Mohkhed is a block in Chhindwara district of Madhya Pradesh where SRIJAN is currently implementing its livelihood projects. It is located 25 km away from the district headquarters.

This region is surrounded by the Satpura mountain ranges and boasts of lush green fields, rivers and dense forests that are home to diverse flora and fauna, and yield non-timber forest products like Mahua flowers (Madhuca Longifolia), Tendu leaves (Diospyros Melanoxylon), Custard Apples, Blackberries and so forth.

SRIJAN in Mohkhed:

Following the success of the NABARD funded Wadi (orchard) project in Chhindwara block, SRIJAN started its journey in Mohkhed block in 2012-13 with a multi-pronged strategy of promoting community institutions, and value addition of forest fruits to provide an alternate and fixed source of income to small and marginal tribal producers. Prior to implementing the project, soil tests were done to confirm the suitability of the geographic area for horticulture, and several rounds of village meetings and community consultations were held. Currently, around 2,900 families from 46 villages are direct beneficiaries of SRIJAN’s interventions.

SRIJAN had started out with 191 farmers in the first year and reached 1022 farmers by 2016.

SRIJAN’s focus on building community institutions brought marginalised tribal women to the fore and encouraged their participation in village affairs and decision making in their homes. The organisation has promoted 246 SHGs, 20 clusters and one SHG federation called Prerna Mahila Mandal, which was inaugurated in October 2017. In addition to this, SRIJAN has also promoted value addition of custard apple and blackberry (processed pulp), which has benefitted over 957 families.

Shakar Lal’s journey with SRIJAN:

Shakar Lal is a farmer belonging to the Gond tribal community in Budhena village of Mohkhed block. He lives with his two aged parents and an ailing wife. Being the only earning member of the family, Shakar Lal cultivates maize on two acres of land that the family owns. Since agriculture is mostly rain fed in these parts, he used to grow only a single crop prior to 2013, and with an annual yield of five quintals, he was barely able to make ends meet for the whole year. As a result, Shakar would migrate to places like Nagpur, Bhopal, Amravati, and Chandrakoot for five months every year to work as a construction labourer and earn Rs 5000 per month on an average.
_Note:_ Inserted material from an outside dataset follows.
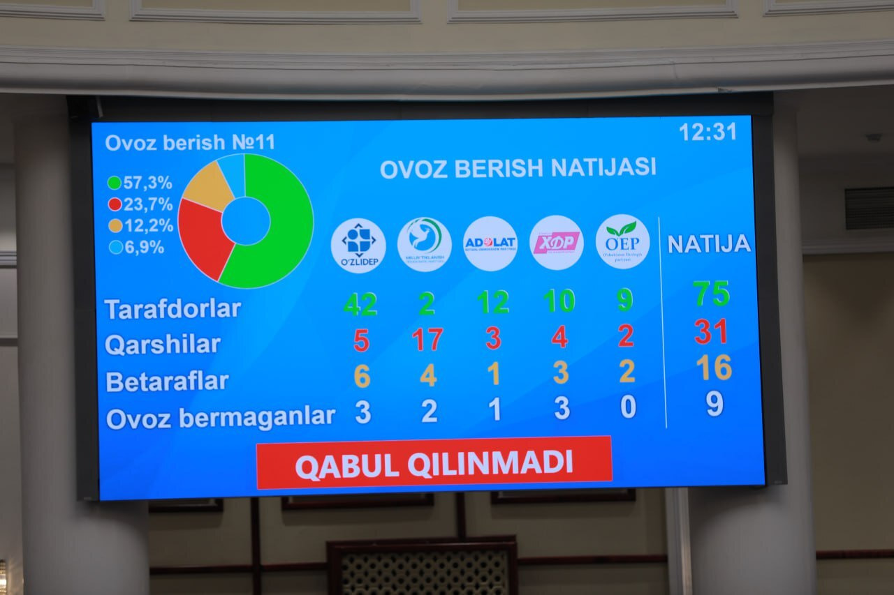 Узоқ тортишувлардан сўнг, қонун лойиҳаси қайта ишлаш учун масъул қўмитага қайтарилди.

In 2013, Budhena was one of the villages chosen by SRIJAN for the Wadi/orchard project in Mohkhed block. The project required one acre of land for 60 fruit saplings and had the potential of providing a farmer with an assured income of Rs. 2000 per plant upon reaching maturity.

Initially when Shakar Lal got to know of this, he declined the proposal on the grounds of lack of water. But after many discussions regarding the benefits that would ensue from a wadi with some effort from his end, he agreed. Thus, Shakar Lal and 25 other farmers from Budhena embarked on this new journey by planting twenty five guava, five pomegranate, thirty mango, two jackfruit and ten lemon saplings on one acre of land. For a stable water supply, a common well was restored and pipeline was built with the support of SRIJAN using funds pooled by a group of farmers including Shakar Lal.  Other supplies like seeds, manure and vermi-compost were provided by SRIJAN for a few years up until the potential output was reached.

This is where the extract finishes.